NY 990L begins at an intersection with NY 12 (Broad Street) and West Main Street (former NY 319) in the downtown district of the city of Norwich. The route heads east along East Main Street, passing through the eastern portion of the city. NY 990L exits the city and enters the surrounding town of Norwich upon crossing the Chenango River. On the eastern riverbank, NY 990L intersects the lengthy County Route 32 (CR 32, named East River Road). The CR 32 designation ends here, giving way to the state-maintained NY 990L as the latter turns north onto East River Road.

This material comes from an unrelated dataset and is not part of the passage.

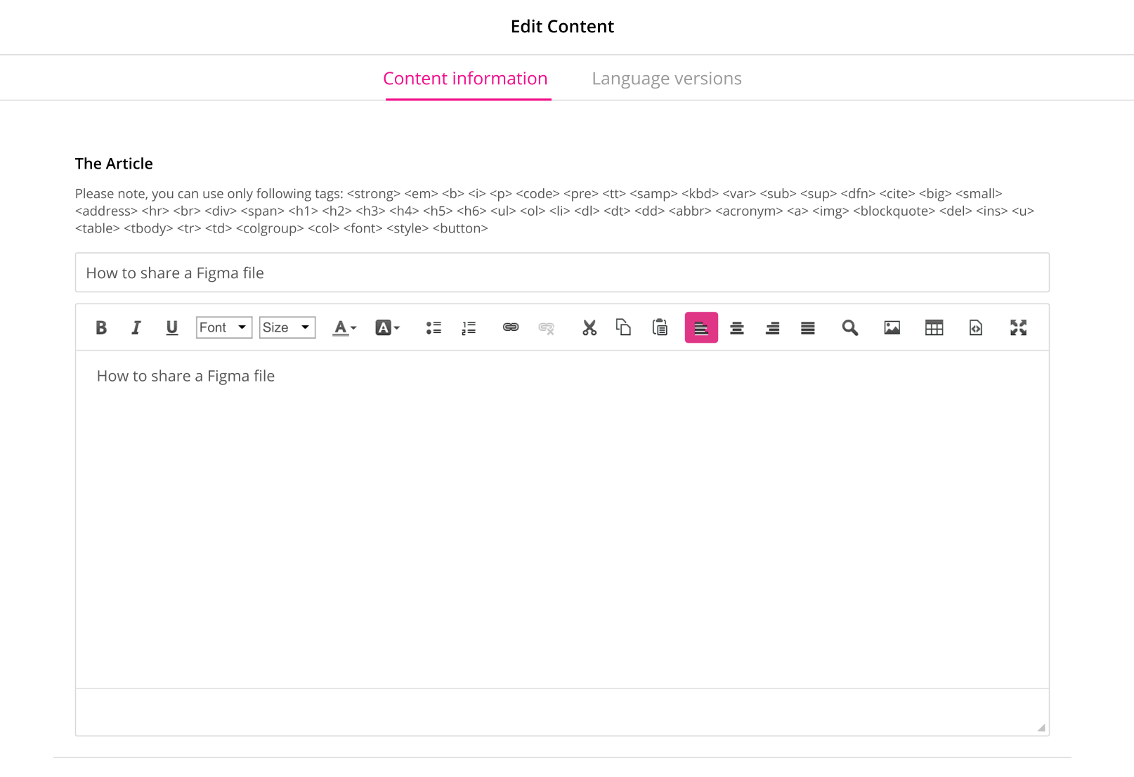 The Edit content screen appears.
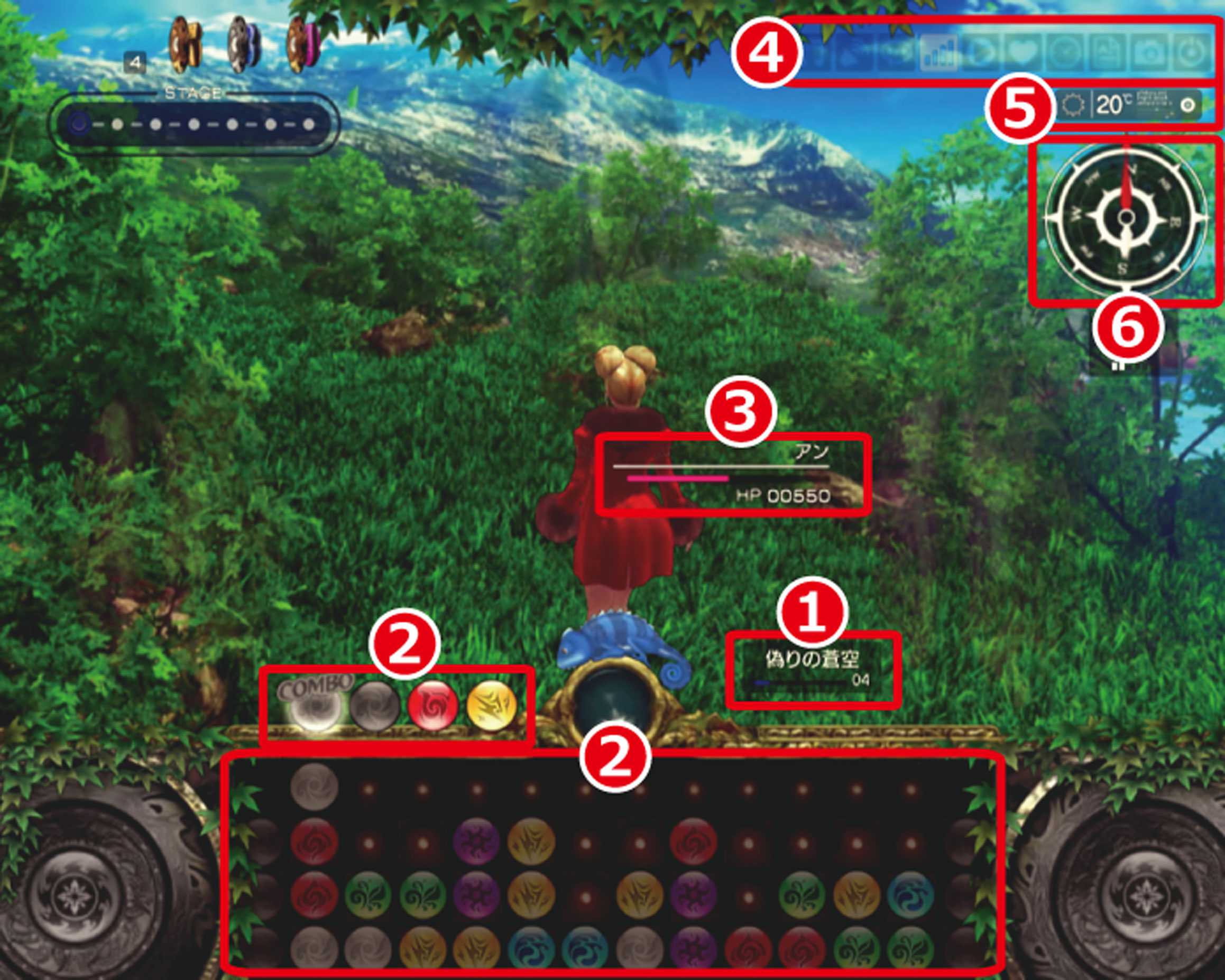 | ⑥方位磁石 | ステージと方位磁石が示す方角は固定だが、 その法則が崩れると期待度41%!! ■偽りの蒼空ステージ・・・北が基本 ■眠りの遺跡ステージ・・・北東が基本 ■裏切りの砂丘・・・東が基本 ■嘆きの断崖・・・南東が基本 ■迷いの洞窟・・・南西が基本 ■誘いの王都・・・南が基本 ■絶望の雪原・・・西が基本 |

The River Road portion of NY 990L is initially less developed as it passes by riverside homes to the west and forested mountains to the east. Near a junction known as Hawley Corners, the amount of development along the highway increases as NY 990L passes by warehouses and small commercial establishments. At Hawley Corners itself, NY 990L ends at NY 23 and East River Road becomes CR 32 once more. Typically, reference routes are not signed; however, NY 990L is one of four such routes in New York that is at least partially signed. The East River Road stretch of NY 990L is the only section of the route that is signed; no other signs exist, including on NY 12 and NY 23 as reassurance markers.

==History==
===Origins===
In 1948, the state of New York surveyed roads in the city of Norwich to determine which streets should be made state highways. The survey was part of a statewide effort to rebuild major through-traffic city streets as state-maintained arterial highways. Ultimately, however, the city was tasked with deciding which streets would be included in the arterial highway program. By 1951, the city of Norwich had proposed making Broad Street (NY 12) a state highway as part of the program. As an arterial highway, Broad Street would be widened by as much as 18 ft, resulting in a 44 ft wide road. The plan was opposed by the city's traffic commission in January 1951, which believed that the widening would negatively impact the city's appearance by requiring the removal of any landscaping between the road and its sidewalks, including roadside trees.

The commission countered with a proposal calling for the construction of a new highway along the east bank of the Chenango River that bypassed downtown. Since the bypass would not enter the city limits, the proposed road was not eligible for the arterial highway program. By 1953, the city developed a new plan that gave Broad Street to the state while also establishing East Main Street and the section of East River Road between Main Street and NY 23 as arterial highways. The latter two routes would comprise an eastern bypass of northern Norwich while falling within the criteria for the arterial highway program. The revised proposal was approved by city voters by a 641–250 vote in 1953, allowing for bills to add the roads as state highways to enter the New York State Legislature in January 1954. Both were approved and signed into law by Governor Thomas E. Dewey within two months.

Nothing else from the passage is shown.